HMT, the FCA and the Bank of England would like to invite you to an online roundtable on 6 August 2020 from 10am to 11am as an opportunity to put forward questions in relation to the HMT and FCA statements and published Q&A.
This event is open to all market participants, not solely those who are members of the working group on sterling risk-free reference rates. Please send expressions of interest and submit questions in advance by 30 July 2020 at noon to RFR.Secretariat@bankofengland.gsi.gov.uk.
Non-Linear Derivatives Task Force
Between December 2019 and February 2020 the Working Group on Sterling Risk-Free Reference rates conducted a survey to understand preferences on conventions for the trading of interbank SONIA swaptions and caps and floors. In the course of this work, and subsequent feedback from market participants, the Working Group identified a clear need for further transition work on non-linear derivatives and so has agreed to set up a new non-linear derivatives task force.
The task force will work to progress and raise awareness of conventions for new RFR-based non-linear products. It will also support discussions on the transition of legacy Libor products in these markets. This is a highly specialised work-stream, and expressions of interest from those with demonstrable expertise to contribute to the task force are welcomed. If you would like more information, or to express your interest, please contact RFR.Secretariat@bankofengland.co.uk.
Paper on the identification of Tough Legacy issues
Tough legacy contracts are considered those that do not have robust fallbacks and prove unable to be amended ahead of LIBOR discontinuation. The industry-led RFR Working Group's Tough Legacy Taskforce has considered 'tough legacy' issues across asset classes in the UK, and has concluded that there is a case for action to address these exposures. The case for action differs by asset class, depending on the contracts involved and the ability to amend the terms. While many contracts will be able to successfully transition, this may be more difficult where, for example (i) contracts form part of complex transactions or arrangements (ii) distribution is broad and there may be additional complications with obtaining the necessary consent (iii) retail counterparties are involved.

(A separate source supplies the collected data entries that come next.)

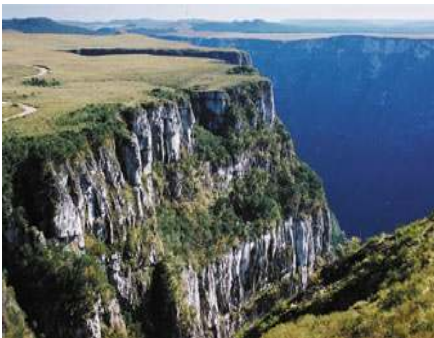
Figura 2 – Cãnion Fortaleza – Parque Nacional da Serra Geral.

O nome Fortaleza é devido ao formato de suas paredes e gargantas, pois tem-se a impressão de que se está diante de uma Fortaleza com suas torres e muralhas.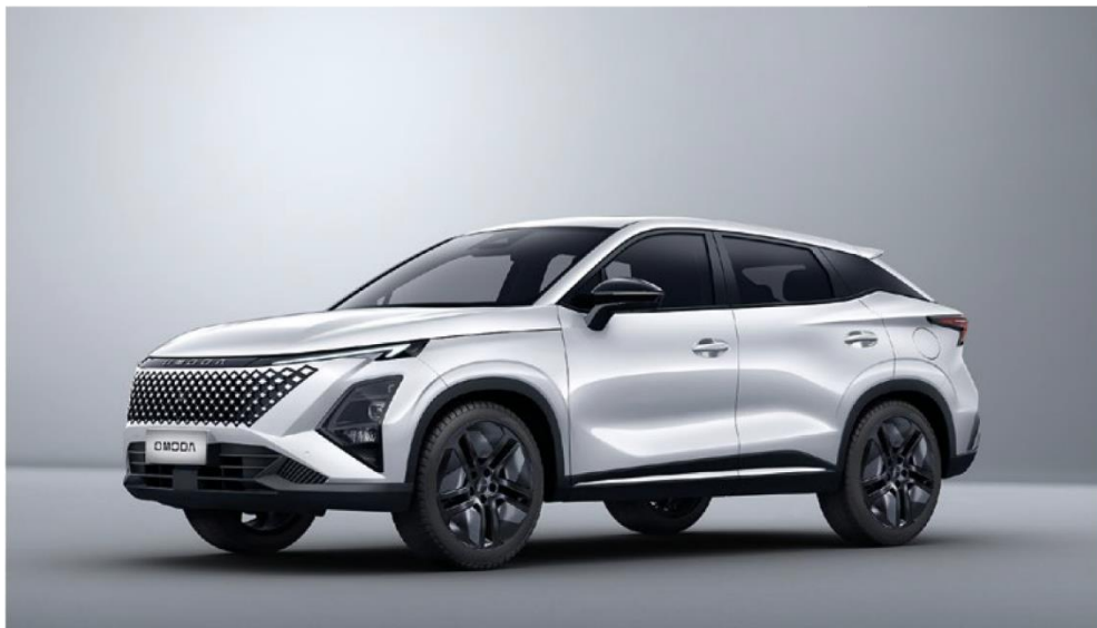
KHAKI WHITE (BW) – metāliska krāsa Bez papildmaksas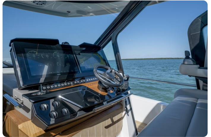
Tiara EX60 helm station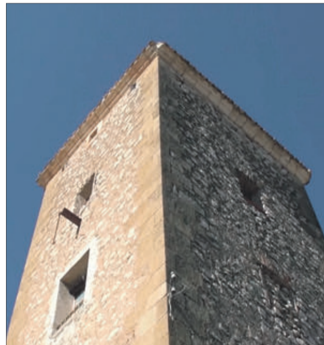
Torre Palau dels Barons de Finestrat.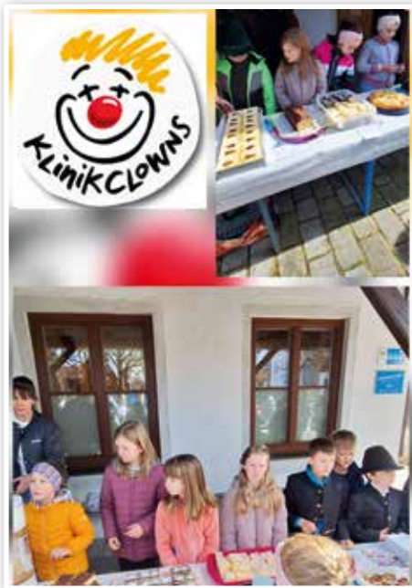
Kinder Fastenaktion 2026 Kommunionkinder aus Unter und Oberdarching verkaufen nach der Sonntagsmesse Suppe und Kuchen zur Unterstützung der Klinik Clowns 691,40€ Vergelt's Gott allen HelferInnen!

Ein erstes Kennenlernspiel unter dem Motto „Finde einen Ministranten, eine Ministrantin, der, die ...“ brachte Bewegung in die Gruppe und sorgte für neue Begegnungen.

To the extent it is feasible, the Taskforce proposes that the UK Government considers legislation to address ‘tough legacy’ exposures. However, the Taskforce recognises that there is no guarantee that such a solution will materialise, that it will materialise across all relevant legal jurisdictions, or that it would be available for all products and circumstances. The Taskforce also recognises that any potential solution may not be economically neutral or suitable for particular contracts.
The RFRWG calls on market participants to continue to focus on active transition, as this is the only way for parties to have certainty over the timing and substance of transition. The approaches explored in this paper are relevant only for those contracts that cannot be dealt with in any other way.